● **Collected data**:
....
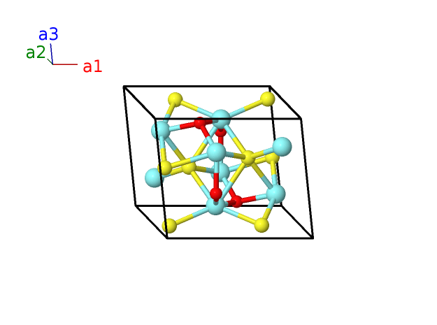 | $\mathbf{B_{8}}$ | = | $x_{2} \, \mathbf{a}_{1}- \left(y_{2} - \frac{1}{2}\right) \, \mathbf{a}_{2}+\left(z_{2} + \frac{1}{2}\right) \, \mathbf{a}_{3}$ | = | $\left(a x_{2} + c \left(z_{2} + \frac{1}{2}\right) \cos{\beta}\right) \,\mathbf{\hat{x}}- b \left(y_{2} - \frac{1}{2}\right) \,\mathbf{\hat{y}}+c \left(z_{2} + \frac{1}{2}\right) \sin{\beta} \,\mathbf{\hat{z}}$ | (4e) | S I |
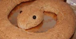 A base di mandorle amare e dolci macinate questo dolce si caratterizza per la particolare forma di serpente a volte guarnito in superficie con la glassa. Presenta gusto di mandorle, retrogusto amaro ed aroma di limone. La cottura avviene in forno a 180°C per un ora.
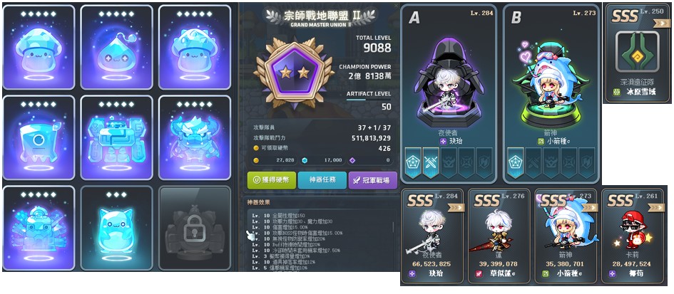 9000戰地、多隻高等角、有276等的連、有神器聯盟冠軍
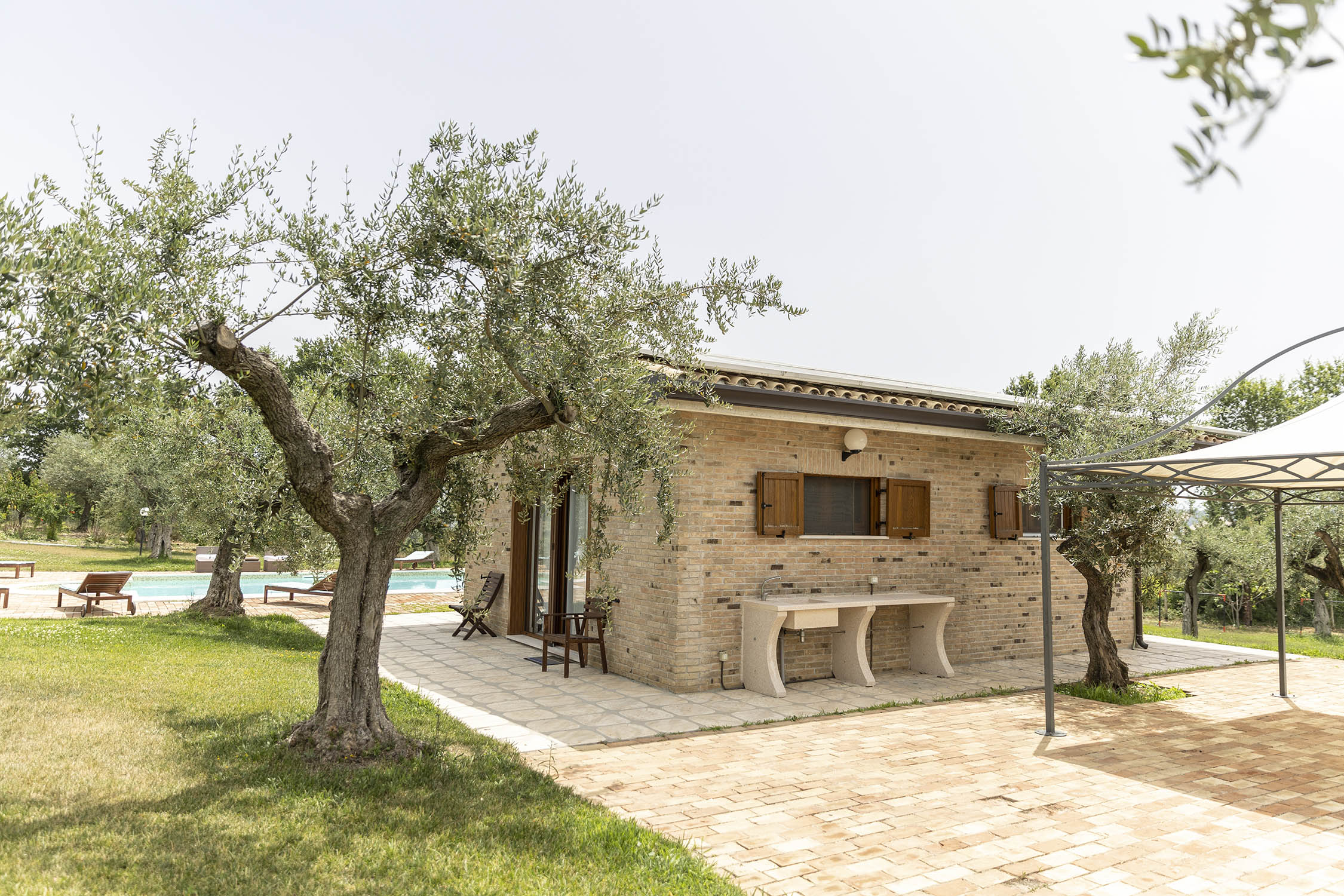L’esterno di Casale Oliva è caratterizzato da un ampio giardino curato, dove gli ospiti possono godere di momenti di relax all’aria aperta. L’agriturismo dispone di una piscina circondata dal verde. Un’area attrezzata con tavoli e sedie invita a pranzi e cene all’aperto, mentre il parcheggio privato garantisce comodità per gli ospiti.
....
● **Exercise prompt**: Pictures must be left out. Repeat exactly the lines from the one containing "A base di mandorle" through the final line of the data.

● **Result for this task**:
 A base di mandorle amare e dolci macinate questo dolce si caratterizza per la particolare forma di serpente a volte guarnito in superficie con la glassa. Presenta gusto di mandorle, retrogusto amaro ed aroma di limone. La cottura avviene in forno a 180°C per un ora.
 9000戰地、多隻高等角、有276等的連、有神器聯盟冠軍
L’esterno di Casale Oliva è caratterizzato da un ampio giardino curato, dove gli ospiti possono godere di momenti di relax all’aria aperta. L’agriturismo dispone di una piscina circondata dal verde. Un’area attrezzata con tavoli e sedie invita a pranzi e cene all’aperto, mentre il parcheggio privato garantisce comodità per gli ospiti.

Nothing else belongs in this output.